I understand not wanting to support extra systems. But personal I think adding support for both public/private github and gitlab instances would be an extremely useful addition to this great tool.

I imagine since there really isn't an alternative outside of shoving some validation stuff into tfsec there really isn't an alternative to this featureset. The need for this project will grow and with it the userbase and their diverse setup of systems each with their own requirements. Protecting IP will be a big issue with any project like this so supporting private instances will be a must.

Maybe we can put up a PR anyways for you to have a gander at?

[bendrucker]

We use gitlab every day for our modules so I'm not sure why you keep saying it doesn't support it?

The public Terraform registry that HashiCorp runs only supports synchronizing modules and providers from GitHub. Hashicorp has effectively decided that supporting only GitHub is good enough for the growth of open source development for Terraform modules/providers. TFLint chose GitHub for similar reasons, it's where the community is.

HashiCorp made the smart investment in a dedicated, well-specified registry service so that other products/implementations can do things differently. TF Cloud and TFE's private registries support other VCS providers. GItLab will run a module-only registry above, I wasn't aware of that until this issue, but you'll see I linked it above. Or you can do something clever like Phillips and write your own server with whatever artifact backend you'd like. HashiCorp is a multi-billion dollar company—building a registry is the right choice for them, but probably not for TFLint with a sole lead maintainer and me helping out.

Maybe we can put up a PR anyways for you to have a gander at?

Yes, this is/was always welcome! But FWIW the comments about how companies are gonna need this are not, TFLint is volunteer-maintained, well-documented, and extensible, there is no "must" in OSS.

[scabana]

FIrst, thanks a lot for maintaining TFLint! I would have loved to see the same api as the provider api in the terraform registry. Afterall, it's the same pattern. Too bad custom "provider types" can't be added to the terraform registry api. At least, Would have been nice to see the exact same format for the files for custom TFLint plugins. At a minimum, allowing a custom github api dns name would help quite a bit.

[bendrucker]

This is considered in my comment right above yours:

HashiCorp is a multi-billion dollar company—building a registry is the right choice for them, but probably not for TFLint with a sole lead maintainer and me helping out.

Hosting a public registry comes with real challenges, both technical and organizational, that require staffing. Scaling for user load is hard enough. Dealing with abuse, name disputes, etc. is equally hard. It's not impossible to do this with community funding instead of a for-profit company but recruiting the sponsors to make that possible is very hard.

At a minimum, allowing a custom github api dns name would help quite a bit.
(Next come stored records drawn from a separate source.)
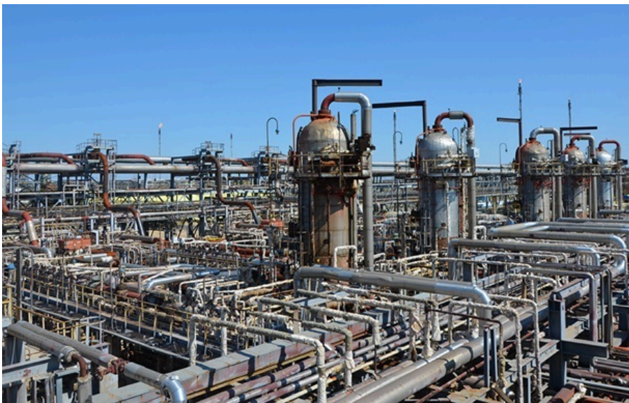
Фото: Астраханський ГПЗ Горіння буде усунуто протягом кількох годин, запевняє місцева влада

Голова Астраханської області традиційно заявив про "уламки" нібито збитих дронів, що "викликали спалах".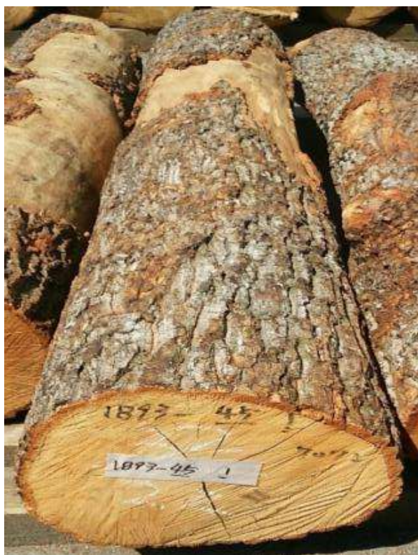
樹種: クヌギ 材長: 2.2 m 管理No. 45 径級: 32 cm 本数: 1 材積: 0.225 m 3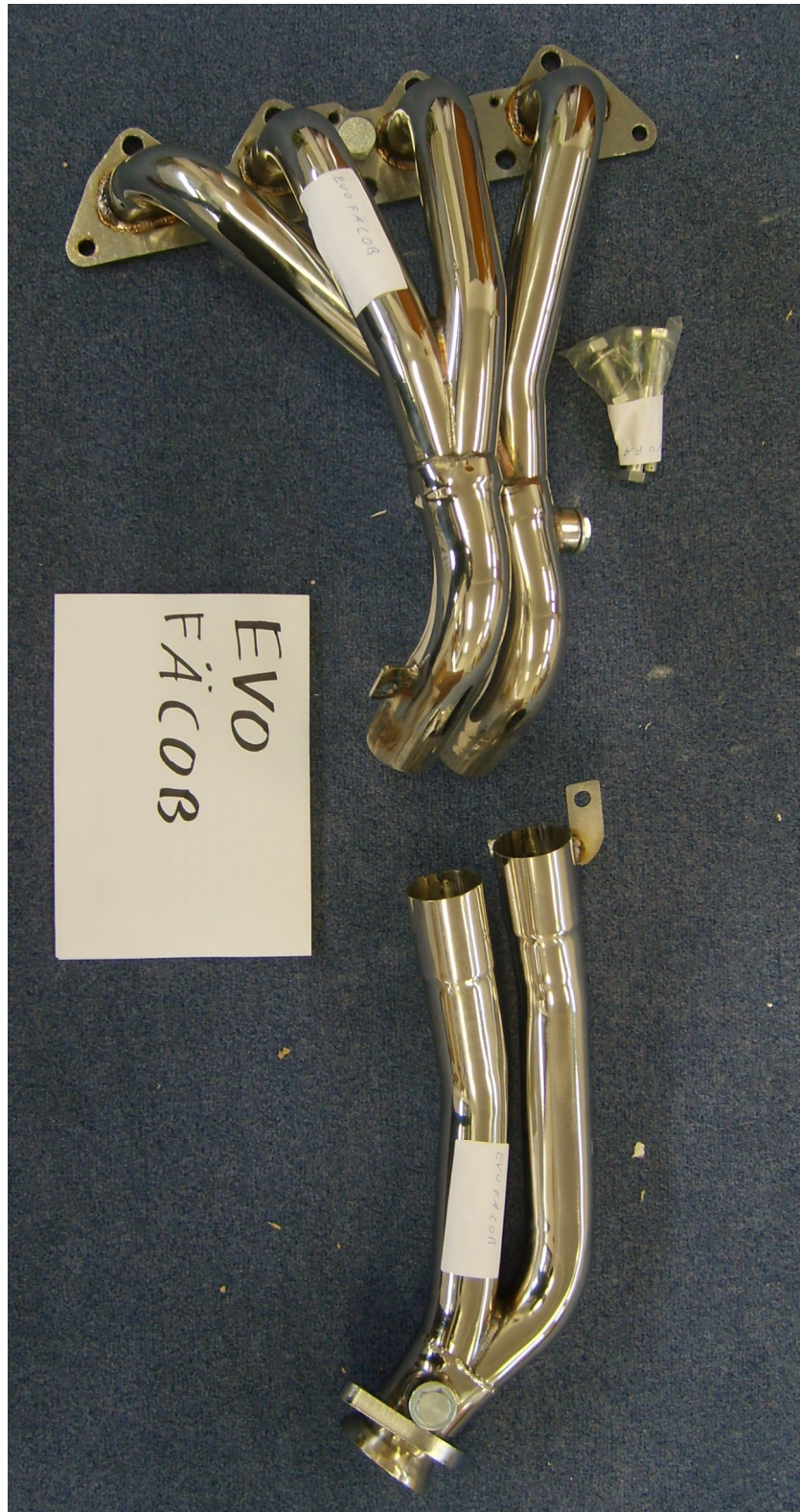
Auspuffkrümmer, Typ EVOFÄCÖB

Easy enough, we can/should support GitHub Enterprise (#1643).

[wata727]

One challenging idea might be a way to support more abstract storage rather than GitHub API.
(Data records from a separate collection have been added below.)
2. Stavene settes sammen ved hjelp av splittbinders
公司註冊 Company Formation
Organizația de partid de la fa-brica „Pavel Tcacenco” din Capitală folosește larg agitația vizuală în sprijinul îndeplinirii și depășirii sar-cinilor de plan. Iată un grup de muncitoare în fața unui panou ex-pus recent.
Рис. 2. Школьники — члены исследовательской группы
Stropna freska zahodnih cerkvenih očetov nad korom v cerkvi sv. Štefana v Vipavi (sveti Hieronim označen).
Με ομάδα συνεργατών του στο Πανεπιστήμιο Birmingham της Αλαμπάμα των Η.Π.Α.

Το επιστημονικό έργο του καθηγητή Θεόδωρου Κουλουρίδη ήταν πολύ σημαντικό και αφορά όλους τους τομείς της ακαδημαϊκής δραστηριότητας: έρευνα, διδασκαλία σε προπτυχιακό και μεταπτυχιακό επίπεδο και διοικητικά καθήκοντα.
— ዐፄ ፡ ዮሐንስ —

For example, there is a project called OCI Registry as Storage. This is a project aiming to use OCI registries as generic artifact stores, and by complying with it TFLint will be able to download plugins uploaded to any OCI registry (GitHub Container Registry, GitLab Container Registry, ...etc.).

Trivy seems to put this idea into practice. Trivy has the ability to install WASM modules from an OCI registry.
https://aquasecurity.github.io/trivy/v0.36/docs/advanced/modules/
https://github.com/aquasecurity/trivy/blob/v0.36.1/pkg/module/command.go#L25

There's a lot to investigate, such as whether this provides a comparable experience to current functionality, but it's not a bad idea. I don't strongly promote this idea, but it's worth considering as an alternative.